Yazīd ibn Mu‘āwiya (Arabic: يزيد بن معاوية بن أبي سفيان; 646 – 12 November 683), commonly known as Yazid I, was the second caliph of the Umayyad caliphate. He ruled for three years from 680 until his death in 683. His appointment was the first hereditary succession in Islamic history. His caliphate was marked by the death of Muhammad's grandson Husayn ibn Ali as well as the start of the crisis known as the Second Fitna.
His nomination in 676 (56 AH) by Muawiya was opposed by several prominent Muslims from the Hejaz. Following his accession, after Muawiya's death in 680, Husayn and Abd Allah ibn al-Zubayr refused to recognize him and fled to sanctuary in Mecca. When Husayn was on his way to Kufa to lead a revolt against Yazid, he was killed with his small band of supporters by Yazid's forces in the Battle of Karbala. The killing of Husayn led to resentment in the Hejaz, where Ibn al-Zubayr centered his opposition to the rule of Yazid, and was supported by many people in Mecca and Medina. After failed attempts to regain the confidence of Ibn al-Zubayr and the people of the Hejaz through diplomacy, Yazid sent an army to end the rebellion. The army defeated the Medinese in the Battle of al-Harrah in August 683 and the city was given over to three days of pillage. Later, siege was laid to Mecca, which lasted for several weeks. The siege ended with the death of Yazid in November 683 and the empire fell to civil war.
Yazid is considered an illegitimate ruler and a tyrant by many Muslims due to his hereditary succession, the death of Husayn and the attack on the city of Medina by his forces. Modern historians present a milder view of him, and consider him a capable ruler, albeit less successful than his father.

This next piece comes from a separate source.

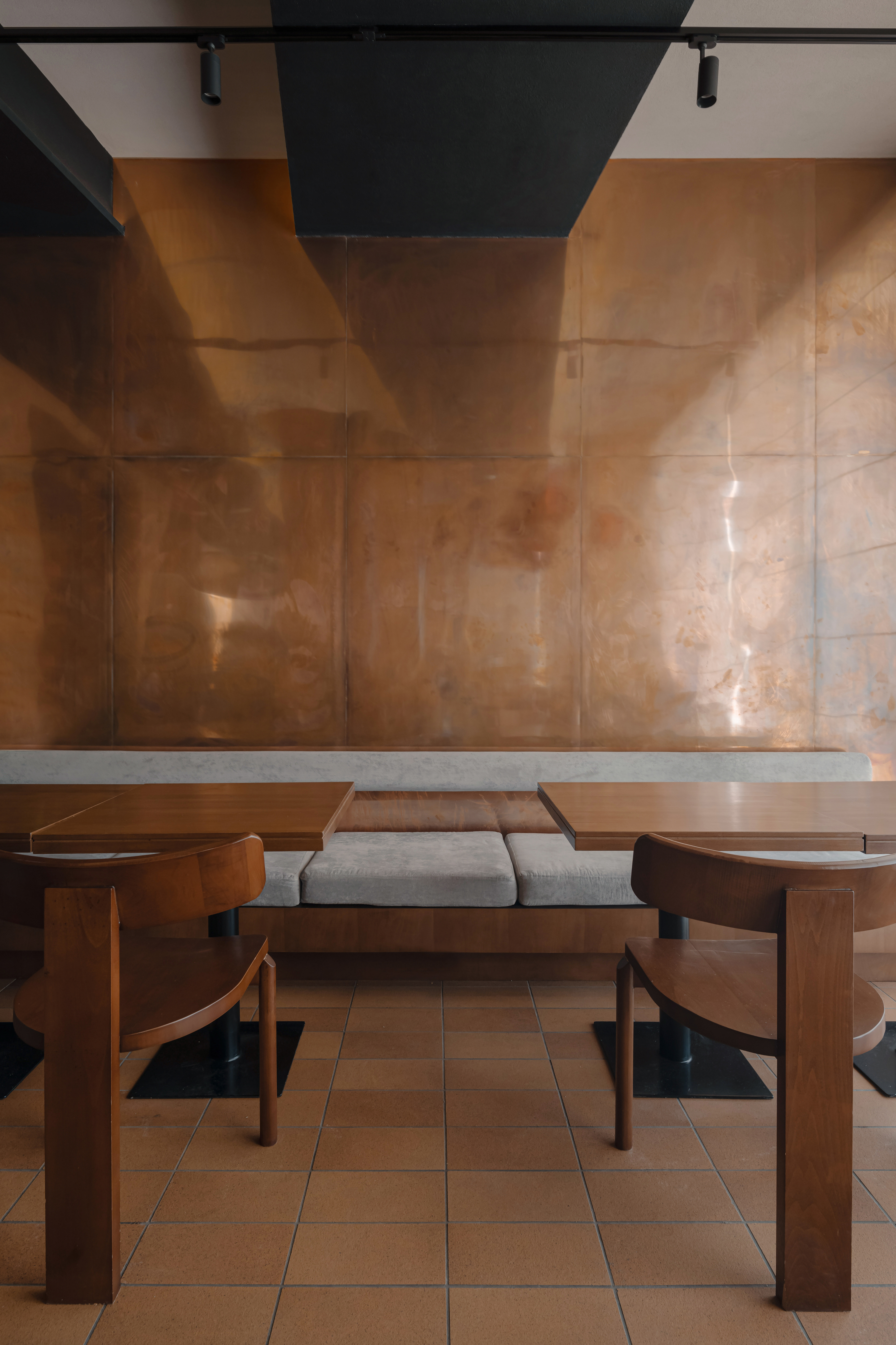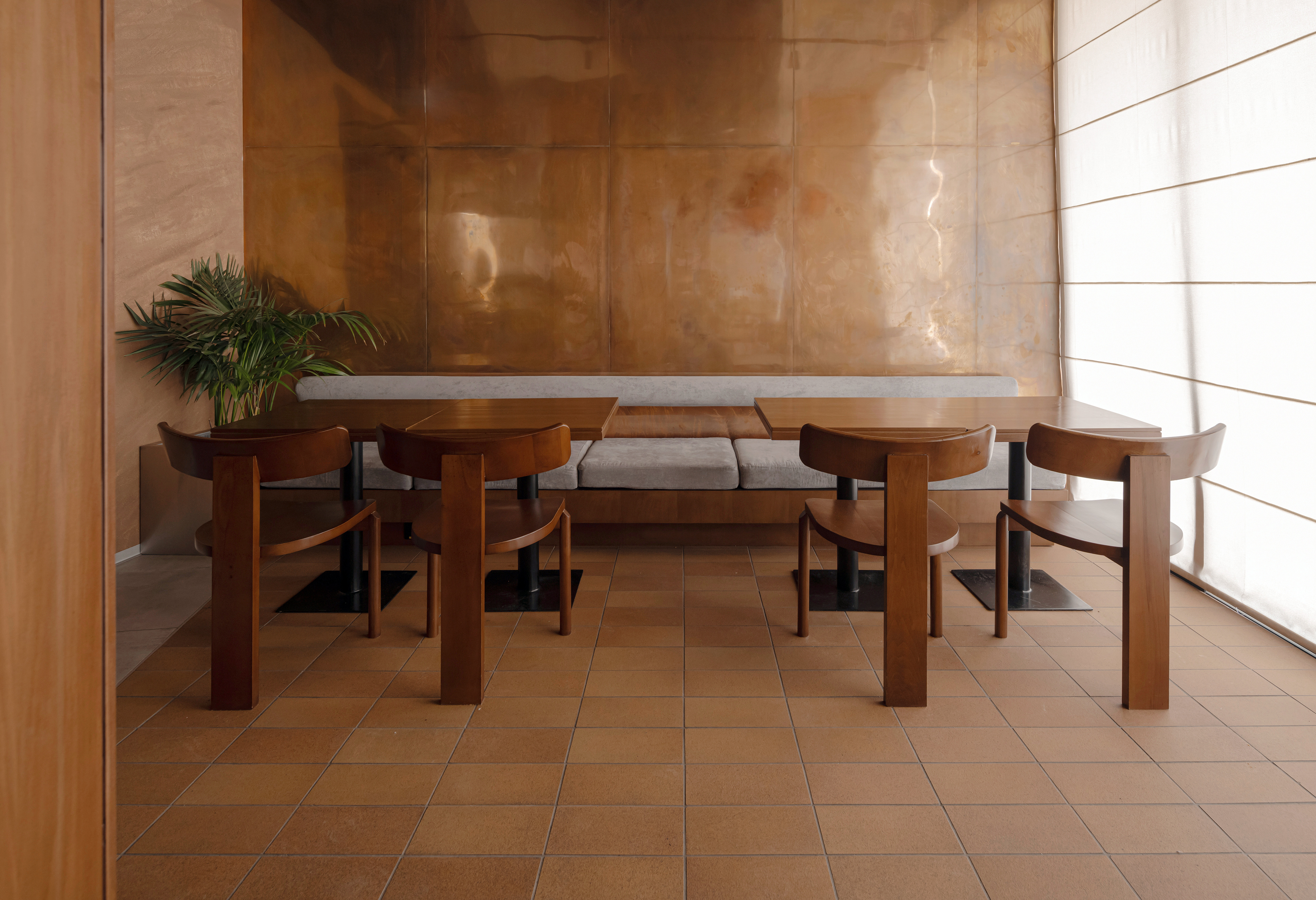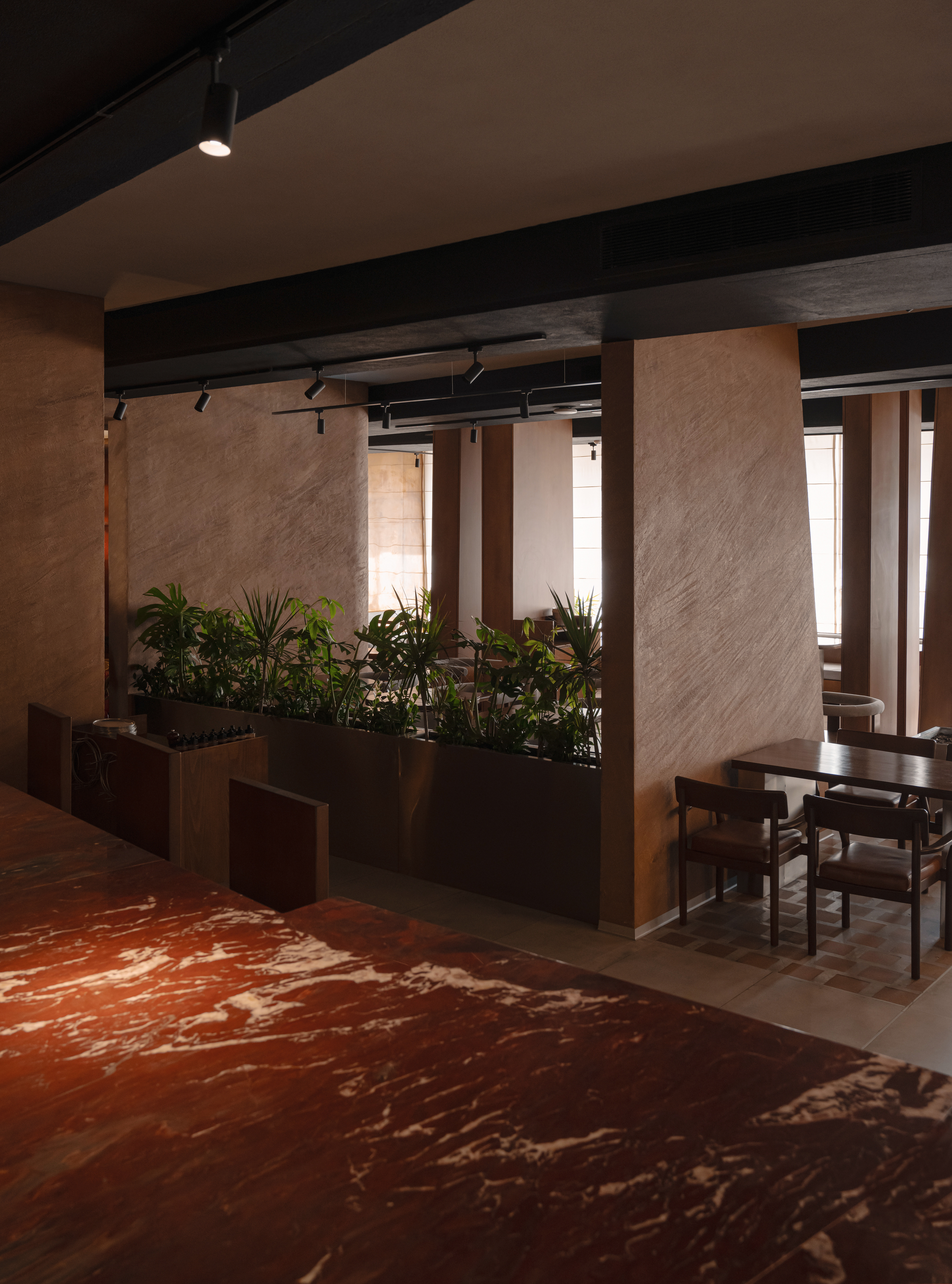 Contrast became a key design strategy: the warm, saturated tones of sandstone, copper, and wood are set against subtle, restrained green accents. What initially seemed like a challenge—the large number of columns in the space—became a point of inspiration.

Genealogical tree of the Sufyanids, the ruling family to which Yazid I belonged
Yazid was born in Syria in 646 to Muawiya ibn Abi Sufyan, then governor of Syria under Caliph Uthman (r. 644–656), and Maysun, the daughter of Bahdal ibn Unayf, a chieftain of the powerful Banu Kalb tribe. Yazid grew up with his maternal Kalbite tribesmen. Though during his youth he spent his springs in the desert with his Bedouin kin, for the remainder of the year he was in the company of the Greek and native Syrian courtiers of his father, who became caliph in 661. Yazid led several campaigns against the Byzantine Empire and in 670 participated in an attack on Constantinople. He also led the hajj (the annual Muslim pilgrimage to Mecca) on several occasions.